To round off the cultural evening we watched the low-budget
British post-apocalyptic movie 28 Days
Later. Afterwards as we walked home we passed some
of the landmarks from the deserted London of the film...
[Written 2002-11-06]
Update (2003-03-08): Corrected the spelling of Anish
Kapoor’s name and ‘Marsyas’
Found some time to continue work on
the Picky Picky Game. I have something which, given a
graphics file, writes it in to the correct place in the
directory structure. Tonight’s task was a routine for
generating the index page, based on the pictures stored so far.
In the eventual web application, this routine will be invoked in
CGI scripts
whenever a new picture is added or vote recorded. For the
present I can just run the Python script (one of the ways
in which creating web apps in Python is less hassle than, say,
ASP .Net or webclasses).
The index page format is mainly controlled through a
‘skin’ file index.skin
. This has most
of the HTML, with special XML tags for interpolating the dynamic
content. This way hopefully Jeremy will be able to hack the
HTML without touching any of the application code. (The
immediate inspiration for the term skin comes from the
Helma Object Publisher system,
which does something similar, but using JavaScript.)
The picture metadata is written in XML which is straightforward
enough except that Python’s native
SAX support is broken:
it does not support XML namespaces! I have fixed this
with my own SAX filter
dubbed SaxLifter
: it processes
startElement
events by scanning the attributes for
namespace prefixes, maintaining a stack of namespace mappings,
and generating startElementNS
events. Presumably
if I were using the XML-SIG or 4Thought enhancements to
Python things would work better. Sigh.
The overall strategy is to generate as much static HTML as
possible—that is, instead of creating the HTML for the
list of pictures afresh each time someone visits the site (which
is what PHP and ASP, etc., do), I intend to generate it
only when a new picture is added to the list. Since adding
pictures will happen much more rarely than viewing the list,
this reduces the overall load on the web server. The aim is to
use CGI only in
the pages that make a change (adding a picture or voting).
Opera 5 omits the boundary parameter when uploading files.
Lynx 2.8.2 does not support uploading files at all (but,
oddly, does generate multipart/form-data
forms
properly—it even gives the charset
parameter
to the content-type of its form items). Python’s
multifile
module raises an exception on all of the
above, for some inputs.
I guess that if I want to handle uploaded images, I get to
write my own multipart/form-data
parsers from
scratch.
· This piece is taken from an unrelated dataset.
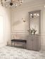 ***Декоративный карниз из натурального массива, полка с декоративной балюстрадой, декоративные утяжки на вешалке и сиденье, декоративные фрезерованные планки.

I have already done this in C++ for work;
I guess I can do it again in Python. Sigh.
I have now written a parser for HTML-4.0 file uploads (forms
with enctype multipart/form-data
). It will need
some finessing to get character encodings to work right, but for
the simple cases I tried it uploaded files flawlessly, and
moreover, plugged in to the back-end script I mentioned in
an earlier installment.
Alas! When I tried uploading from Jeremy’s NT box, my
Python program crashed with an IOError
exception
with
errno=EAGAIN
. I guess I need to do some
sort of loop to fill my buffer. Ho hum.
It occurs to me I may be being harsh on Opera;
I notice that elsewhere they show a preference for
splitting MIME parameters over multiple physical lines. For
example, they use
Content-disposition: form-data;
name="fred"
as opposed to
Content-disposition: form-data; name="fred"
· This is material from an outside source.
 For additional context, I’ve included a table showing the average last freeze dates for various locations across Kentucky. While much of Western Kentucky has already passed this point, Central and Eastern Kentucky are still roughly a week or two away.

It is just about possible that this confuses thttpd
so that it clips everything after the first CRLF when passing
the headers to my script via CGI...?
On Monday I was troubled by
EAGAIN
interruptions when reading in a CGI
script’s data. It turns out Python has a cgi
module already. But when I tried creating a script that
used that, it failed to work with Opera’s boundary-less
multipart (the built-in cgi
module uses the
multifile
, which I tried and rejected
earlier).
I have tried looping until EAGAIN
does not
happen—but I put a limit of 10 iterations so as not
to chew up the CPU. No dice. I have also tried using the
fcntl
module to remove the O_NONBLOCK
flag from stdin. The result is that instead of crashing with
EAGAIN
it waits indefinitely (and gets interrupted
by thttpd
’s watchdog timer).
The upshot of this is that I have the beginnings of a CGI
script that works if I connect to it from the same machine the
server is running on, but not if I connect to it from a
different machine (an NT box) on the same network.
The thing is, I know that people have successfully
written CGI programs in Python, and none of the examples
I find on-line have any mention of these phenomena.
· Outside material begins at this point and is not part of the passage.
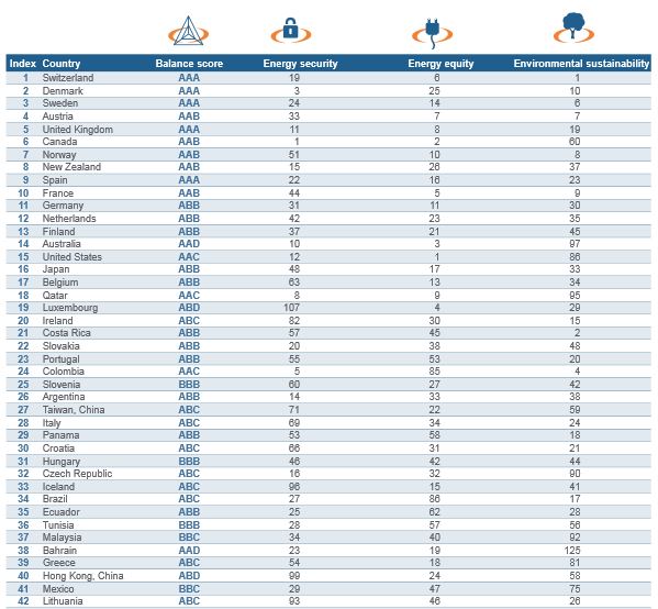 La France est à la 10ème place du palmarès, devant l’Allemagne (11ème) et les États-Unis (15ème). Le mix énergétique français est composé de 75,5 % d’énergie nucléaire, ce qui vaut une bonne note car le nucléaire est considéré par le WEC comme propre et peu cher. Les émissions de CO2 en France ne sont que de 4,89 tonnes par an par habitant. La France est 5ème en termes de coût de l’énergie avec un kWh à 0,18 $ en moyenne.

Jo Charman has created a LiveJournal
‘syndication account’ for me. As a result you can
see my RSS feed, converted in to a LiveJournal
journal. She says that if you have a paid-for LiveJournal
account, you can add pdc
to your
friends roster. And people can comment on the
LiveJournal pointers to my posts. Woohoo.
Updated (4 March 2007).
Updated URL. Corrected the spelling of Jo’s first name.
I throught I’d try out a different CGI framework, such
as jonpy, and this
requires Python 2.2. So I have now installed
Python 2.2 (carefully installing GNU db, expat, etc. first
so these modules will be built). During its self-tests,
I noticed that test_socket.py
takes 2½
minutes (to do something that should take approximately no
time). Come to think of it, initiating connections to my Linux
box from Jeremy’s NT box also takes an inordinate amount of time. That
might be why initiating HTTP connections to my
thttpd
instance also takes an inordinate amount of
time, so long that thttpd
kills the CGI rather than
waste any more time. In other words, my CGI problems may mostly
stem from a broken network stack. Teriffic. This is a
variation on Joel
Spolsky’s law of leaky abstractions: I would like to
be able to believe in POSIX’s abstraction of sockets as
being a lot like a file, but sadly it is all frinked up.
Another reason to spend a week or two installing Debian some time.
I think the way forward for now is probably to ignore the
network problems and cross my fingers when I install it on
the actual server. Given that fairly thorough search of the WWW
and Netnews reveals no discussion of the sort of problems
I’ve been having, I am fairly sure it is some
freakish glitch in my computer...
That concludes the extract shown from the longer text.